1976 Thomas Cup โธมัส คัพ 1976

Tournament details
- Dates: 25 May – 5 June 1976
- Edition: 10th
- Level: International
- Nations: 6
- Venue: Indoor Stadium Huamark
- Location: Bangkok, Thailand

= 1976 Thomas Cup =

The 1976 Thomas Cup was the tenth edition of Thomas Cup, the world championship of men's international team badminton (its female counterpart is the Uber Cup). The final rounds contested by qualifying teams were held in Bangkok, Thailand in late May and early June. First played in 1948–49, the Thomas Cup competition was held every three years after that until 1982 and has been held every two years since. For more details on the format of past and present Thomas Cup competition see Wikipedia's general article on the Thomas Cup.

Indonesia won its sixth title after beating Malaysia in the final round.

==Qualification==

26 teams from 4 regions took part in the competition. As defending champion, Indonesia skipped the qualifications and played directly in the second round of the inter-zone ties (team matches), effectively the semifinals of the tournament. As host nation to the inter-zone phase of the tournament, Thailand was exempt from qualifications and played directly in the first round of the inter-zone ties.

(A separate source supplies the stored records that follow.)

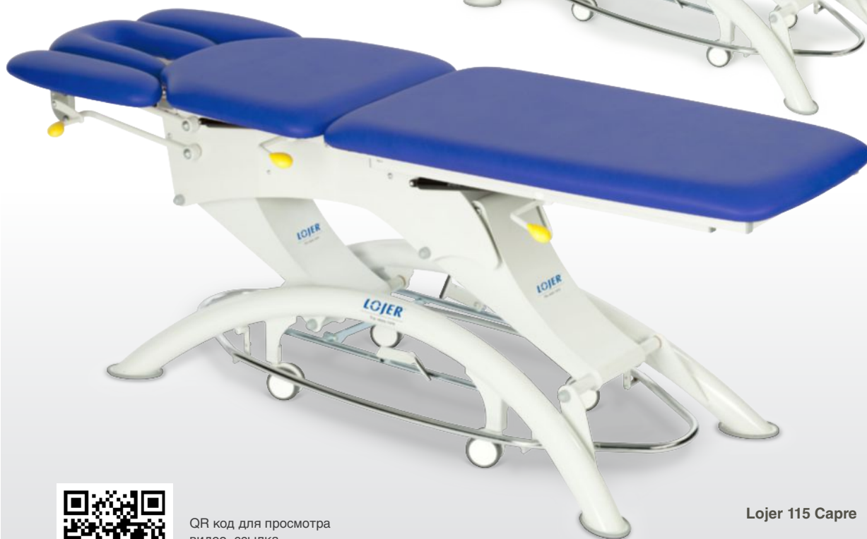
Lojer 115 Capre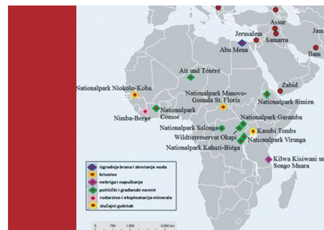
Sl. 10. UNESCO-ovi spomenici baštine u opasnosti u Africi 2012. godine

naže i podupiranjem pogođenih zgrada, ali učinkovito dugoročno rješenje još nije postignuto (Howard, 2012).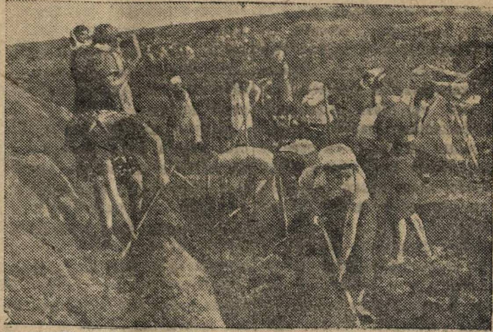
В прифронтовой полосе.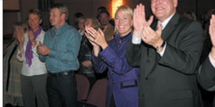
Applaus von Simone und Christoph Ahlhaus gab es für die 24. Starpyramide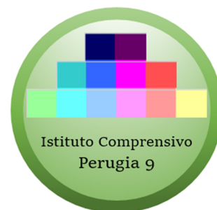
SOFIA E COSTANZA RAFFAELLI

All'interno di un cerchio verde (come il colore delle nostre campagne), sono racchiusi 12 mattoncini colorati (ognuno dei quali rappresenta una delle scuole dell'Istituto), disposti su 3 righe (una per ogni ordine di istruzione) e 6 colonne (una per ognuna delle frazioni dove le scuole sono ubicate).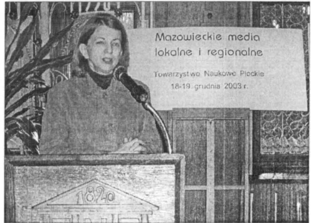
Julia Pitera - Prezes Transparency International.

| Means of qualification | Date | Venue | Slot | Qualified teams |
|---|---|---|---|---|
| Host country | 13 July 1975 | Bangkok | 1 | Thailand |
| 1973 Thomas Cup | 25 May – 3 June 1973 | Jakarta | 1 | Indonesia |
| Asian Zone | 27 August 1975 – 3 April 1976 | Colombo Kuala Lumpur Lahore Ludhiana Singapore Tokyo | 1 | Malaysia |
| American Zone | 13 December 1975 – 15 February 1976 | Lima Manhattan Beach Mexico City | 1 | Canada |
| European Zone | 4 November 1975 – 21 March 1976 | Copenhagen Edinburgh Geldrop Helsinki Mariestad | 1 | Denmark |
| Australasian Zone | 26 September 1975 | Hobart | 1 | New Zealand |
| Total |  |  | 6 |  |

Denmark again prevailed in the European zone but only after two tough battles. In the zone semifinal against England. Flemming Delfs and Elo Hansen led the way to a 6-3 victory, as Svend Pri, recovering from injury, was kept out of the doubles. Englishman David Eddy's unbeaten record in Thomas Cup play for England dating from the 1969-1970 series was broken in the second set of doubles matches, but only after the outcome of the tie had been determined. In the zone final against Sweden, which had beaten West Germany comfortably, Denmark's slightly greater depth enabled it to survive 5-4 in the last match of the tie. Veteran singles star Sture Johnsson still excelled for Sweden, but its team now depended most on Thomas Kihlstrom, something of a late bloomer, but fast becoming one of the best all-around players in the world.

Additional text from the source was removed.